The Problem With Always Blaming Climate Change For Natural Disasters

Climate change is real, but a closer look at the science shows there are many factors that contribute to weather-related disasters. It is important to raise awareness about the long-term impact of global warming, but there's a risk in overstating its role in the latest floods or fires.

People on foot, on bikes, motorcycles, scooters and cars navigate through a flooded street during the day time.

Karachi - People wade through flood water after heavy rain in a southern Pakistani city

Xinhua / ZUMA
Axel Bojanowski

-Analysis-

BERLIN — In September, thousands of people lost their lives when dams collapsed during flooding in Libya. Engineers had warned that the dams were structurally unsound.

Two years ago, dozens died in floods in western Germany, a region that had experienced a number of similar floods in earlier centuries, where thousands of houses had been built on the natural floodplain.

Last year saw more than 1,000 people lose their lives during monsoon floods in Pakistan. Studies showed that the impact of flooding in the region was exacerbated by the proximity of human settlements, the outdated river management system, high poverty rates and political instability in Pakistan.

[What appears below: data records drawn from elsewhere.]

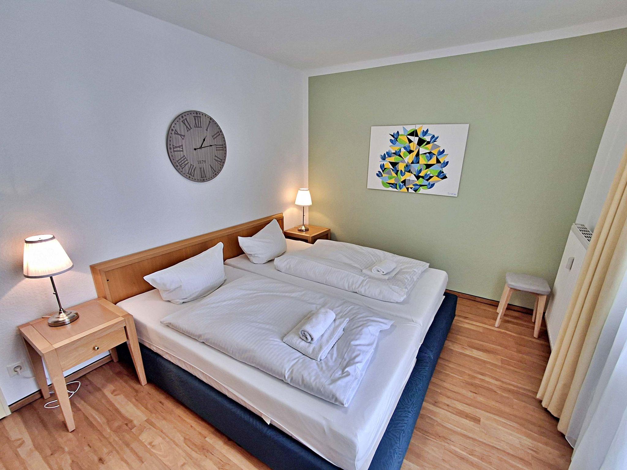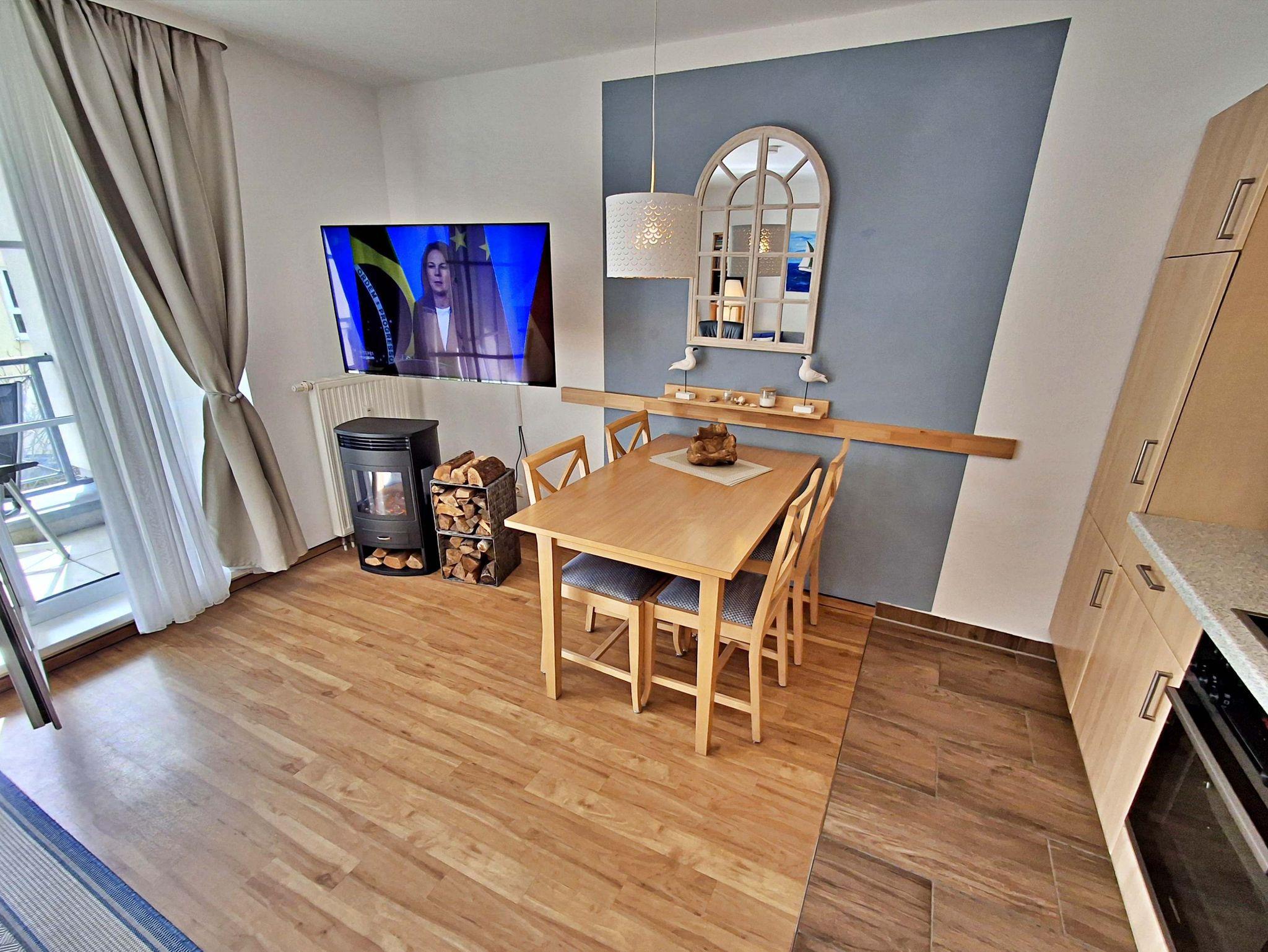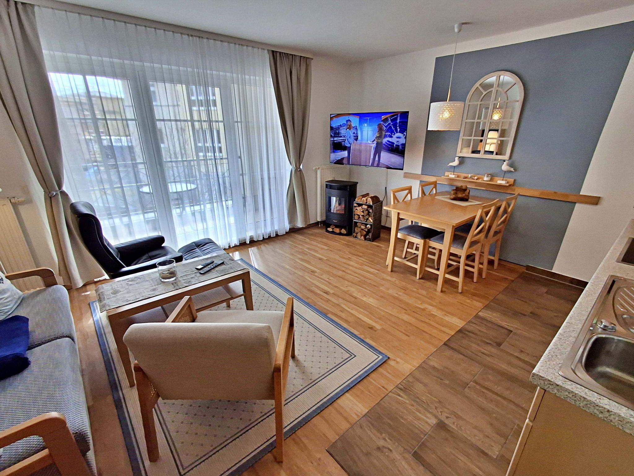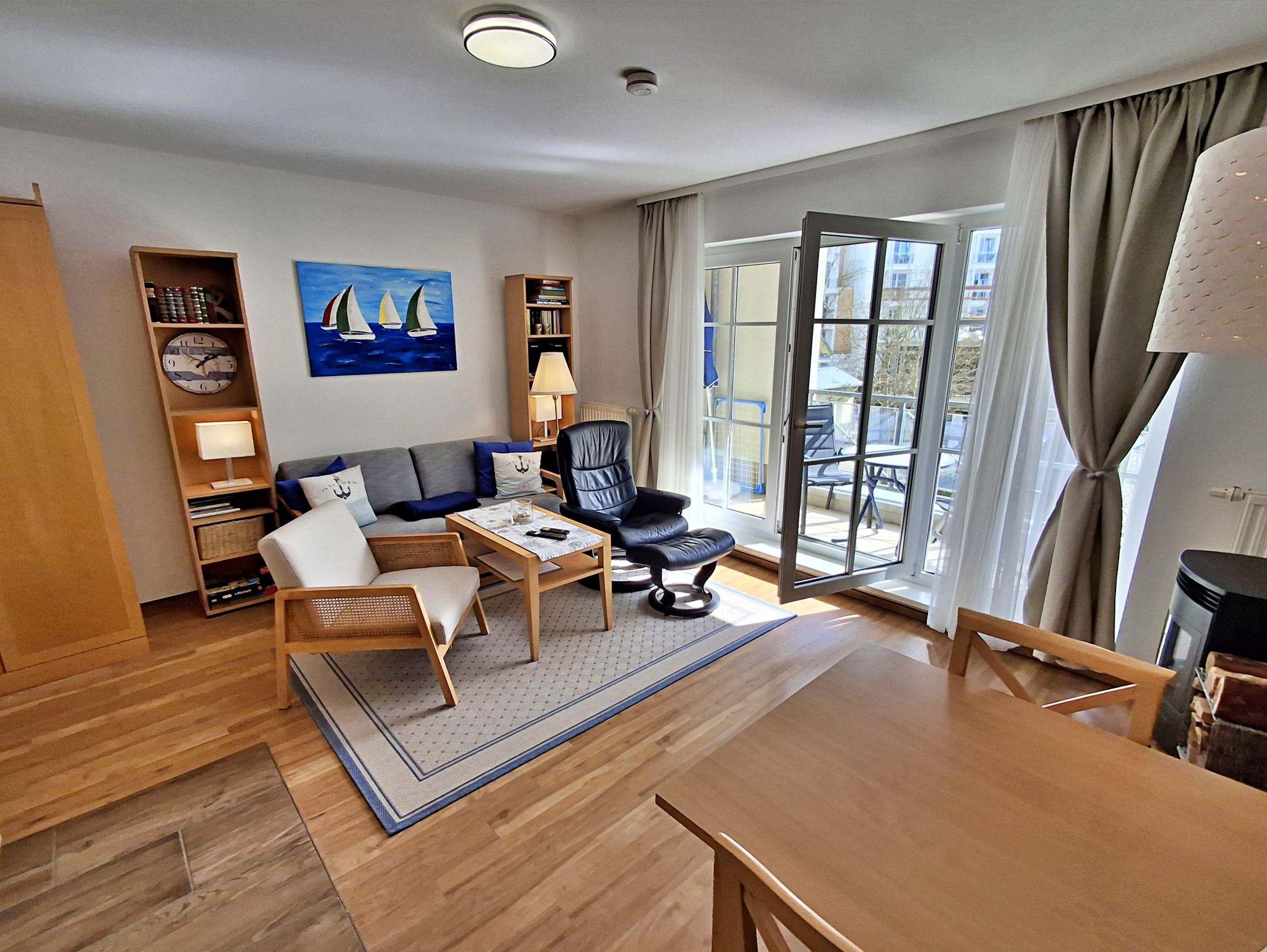 Die 47 qm große 2-Raum-Ferienwohnung befindet sich im zweiten Obgeschoss der Appartementanlage (Fahrstuhl vorhanden, ein stufenloses Erreichen der Wohnung ist gegeben). Die Wohnung verfügt über ein Wohnzimmer mit einem gemütlichen Sofa, Sessel, Elektro-Kamin sowie Esstisch mit 4 Stühlen. Für Unterhaltung sorgen ein internetfähiger Flachbild-TV, eine Stereo-Anlage, DVD-Player und eine Spielesammlung. Die vollständig ausgestattete Küche mit Ceranherd, Backofen, Mikrowelle, Kühlschrank mit Gefrierfach und Spülmaschine lässt keine Wünsche offen. Im Schlafzimmer befinden sich ein Doppelbett, ein Schlafsessel (90cm x 190 cm) und ein zweiter internetfähiger Flachbild-TV. Das Tageslicht-Bad ist mit Dusche/WC, Haarfön nebst Kosmetikspiegel ausgestattet. Eine möblierte Loggia zur Süd-Seite lädt zum Sitzen und Verweilen ein. WLAN steht Ihnen kostenfrei zur Verfügung. Ein Kinderbett mit Wäsche sowie ein Hochstuhl können auf Anfrage gegen eine Gebühr von einmalig 50 € vom Verwalter zur Verfügung gestellt werden.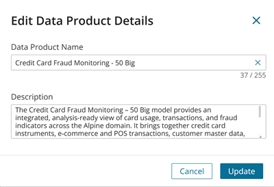 • Edit Data Product: Opens the Data Product Details workspace. Go to step 3 to update.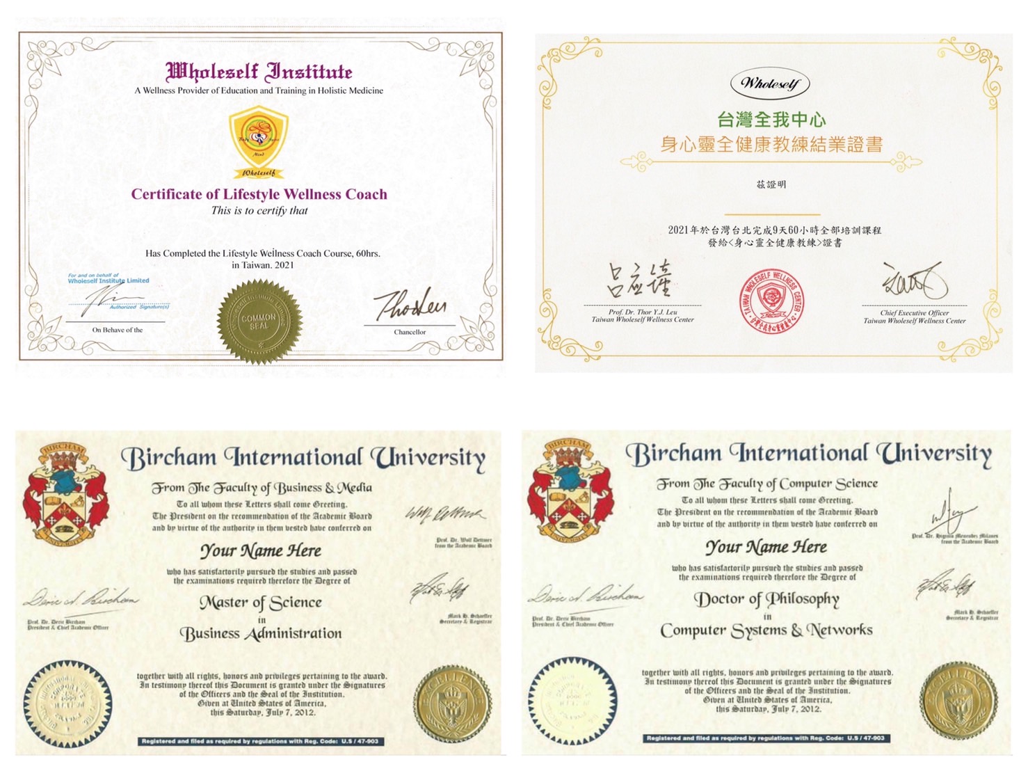 及美國Wholeself Institute《Wellness Coach》英文證書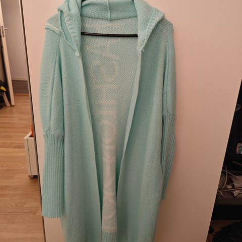 Selger denne nydelige cardiganen da den desverre ikke blir brukt. Den er i størrelse S men kan også passe M, spørs hvordan du liker den. Cardiganen er laget av merinoull og alpakkaull og er utrolig myk.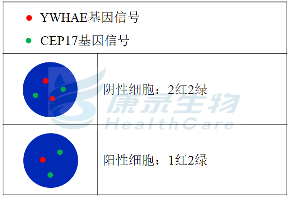 YWHAE基因橘红色探针;CEP17绿色探针。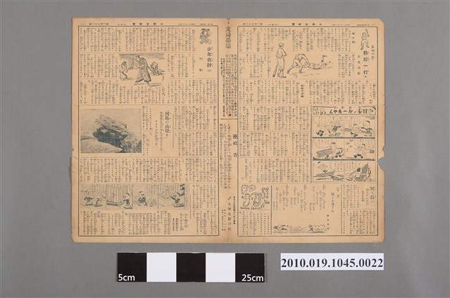 1.本文物為《小學生新聞週刊》昭和11年(1936)10月4日第272號之二,正面為報紙第3版與第6版,該報由日本前文部大臣鳩山一郎(1883-1959)以及前政務次官東鄉實(1881-1959)贊助。第一面左邊是報紙第3版,右邊為第6版。報導時事介紹、日常生活趣聞等,內容包含:「九十六貫の怪魚」(九十六貫長的怪魚)、「一寸した不注意が因で片方の眼を潰す目藥の瓶にアンもニア原液」(因為粗心將裝有氨( ammonia)的眼藥水瓶拿來使用導致一隻眼睛潰爛)、「皆樣の日常の禮儀作法」(各位日常生活的規範)、「着物に火がついに時」(和服著火時)等。第二面右邊是報紙第4版,左邊為第5版。報導小說、漫畫等,內容包含:「球界小說熱球一打」、「少年仇討」。該報為小學生新聞社發行,其地址在東京市芝區新橋五丁目十番地之七,該新聞週刊為每週日發行。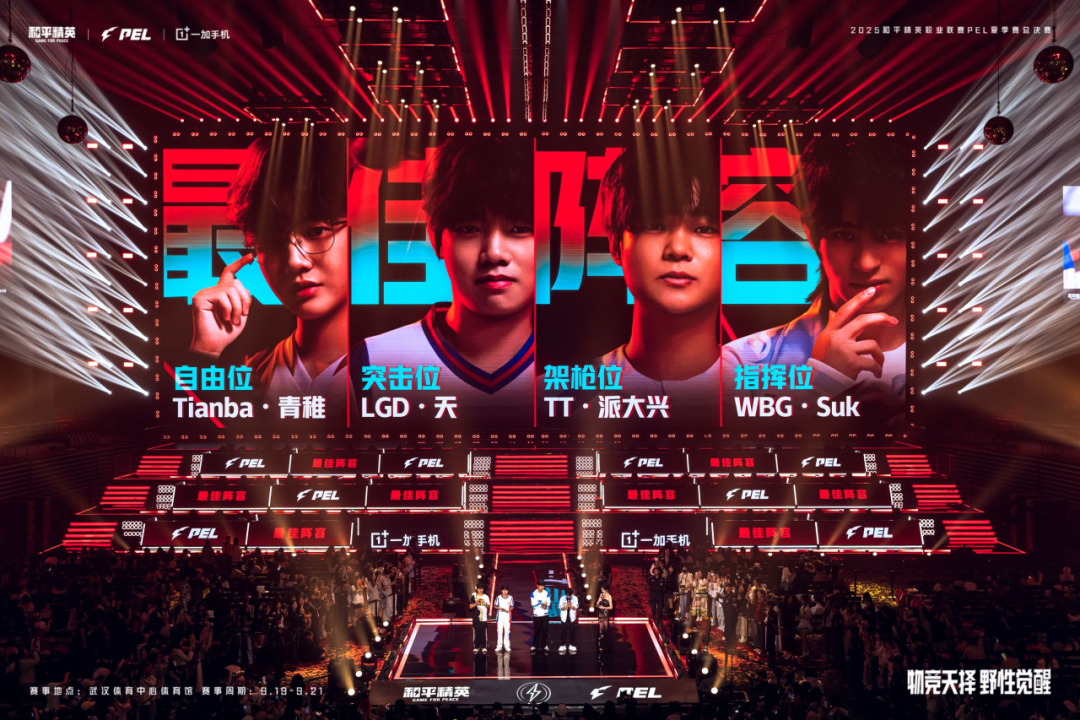 其中,来自苏州Tianba战队的核心选手青稚,创下单赛季15次MVP的记录,以场均淘汰1.75、场均击倒1.75、场均伤害494.68的领先成绩,荣获2025PEL夏季赛常规赛MVP和“最佳自由位”称号;同时,杭州LGD战队突击位选手天、北京WBG战队指挥位选手Suk、广州TT战队架枪位选手派大兴,共同入选本赛季常规赛最佳阵容。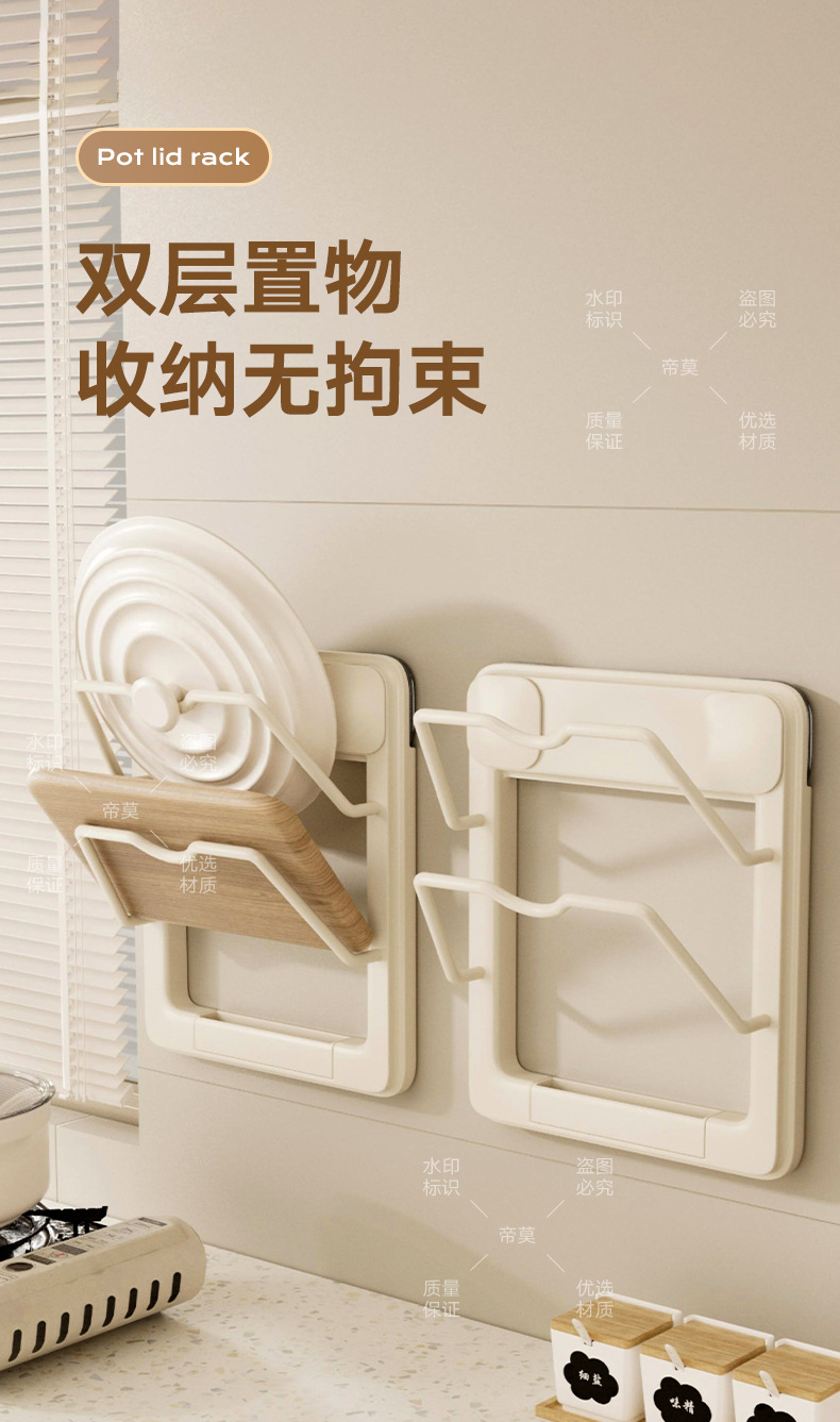 석션 컵 주방 냄비 커버 랙 다기능 벽 커팅 보드 스토리지 랙 가정용 다층 벽 장착 스토리지 랙

There are many factors that contribute to weather-related disasters, but one dominates the headlines: climate change. That is because of so-called attribution studies, which are published very quickly after these disasters to highlight how human-caused climate change contributes to extreme weather events. After the flooding in Libya, German daily Frankfurter Allgemeine Zeitung described climate change as a “serial offender," while the Tageszeitung wrote that “the climate crisis has exacerbated the extreme rainfall."

The World Weather Attribution initiative (WWA) has once again achieved its aim of using “real-time analysis” to draw attention to the issue: on its website, the institute says its goal is to “analyse and communicate the possible influence of climate change on extreme weather events." Frederike Otto, who works on attribution studies for the WWA, says these reports help to underscore the urgent need for climate action. They transform climate change from an “abstract threat into a concrete one."

In the immediate aftermath of a weather-related disaster, teams of researchers rush to put together attribution studies – “so that they are ready within the same news cycle," as the New York Times reported. However, these attribution studies do not meet normal scientific standards, as they are published without going through the peer-review process that would be undertaken before publication in a specialist scientific journal. And that creates problems.